NLD Lawmakers Take Their Oaths

NLD Lawmakers Take Their Oaths

National League for Democracy (NLD) law makers defied the military government by swearing themselves into office Thursday morning, February 4.

Seventy parliamentarians took their oaths at their municipal guest housing in Burma’s capital city, Naypyidaw. The junta kicked them out of the government housing but many have refused to leave.

“People voted for us, therefore we took an oath and signed our signatures,” said Phyu Phyu Thin, an MP-elect from Mingala Taung Nyunt Township, located in Yangon Region. As MPs, we can legally enact Parliament where ever we are, she told SHAN.

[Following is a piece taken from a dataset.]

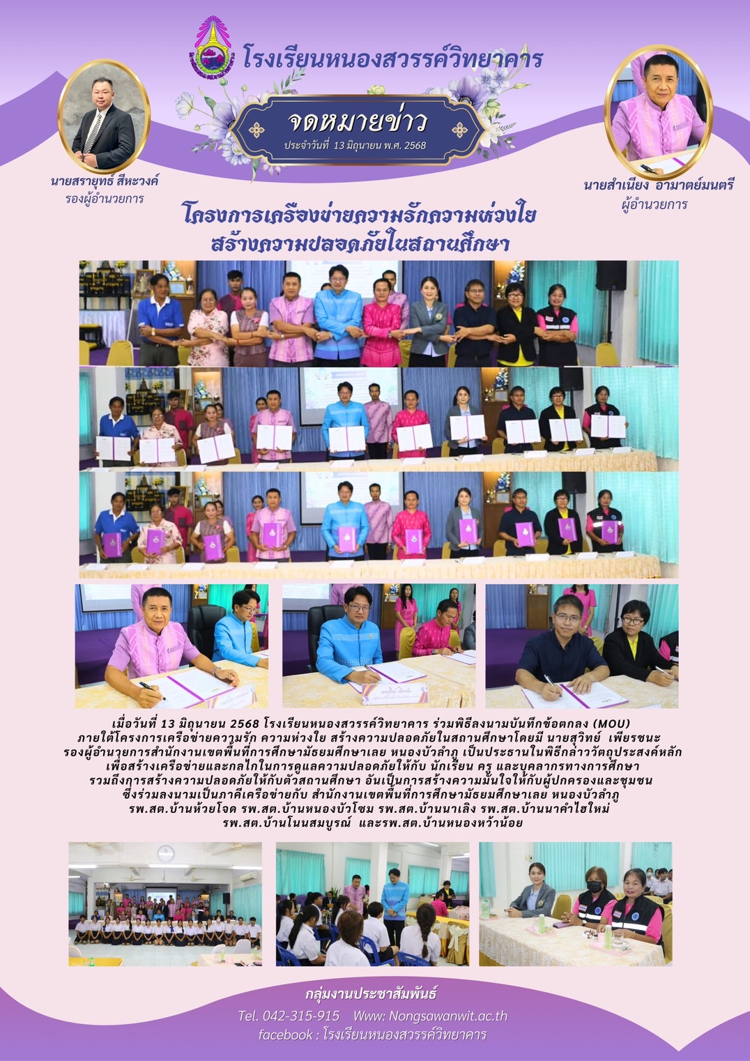 ลงนาม MOU โครงการเครื่องข่ายความรักความช่วงใยสร้างความปลอดภัยในสถานศึกษา

NLD lawmakers who already went home, after being released by the Burma Army the day after the military coup on February 1, will take their oaths online, Phyu Phyu Thin explained. And there’s plans to “cooperate” with parliamentarians from other parties who won seats during the November 8 election, she said.

The people of Burma have already suffered too much under the previous military dictatorship, which drove the country to economic ruin and bankrupt the health and education sectors, Phyu Phyu Thin said. Lawmakers will work with the public to bring down the current regime, she explained.

In 1990, the NLD also won the election in a landslide victory, but the Burma Army refused to relinquish power to the democratically elected government. Elected MPs formed the Committee Representing the People’s Parliament (CRPP) and launched a non-violent movement to enact democracy in the country.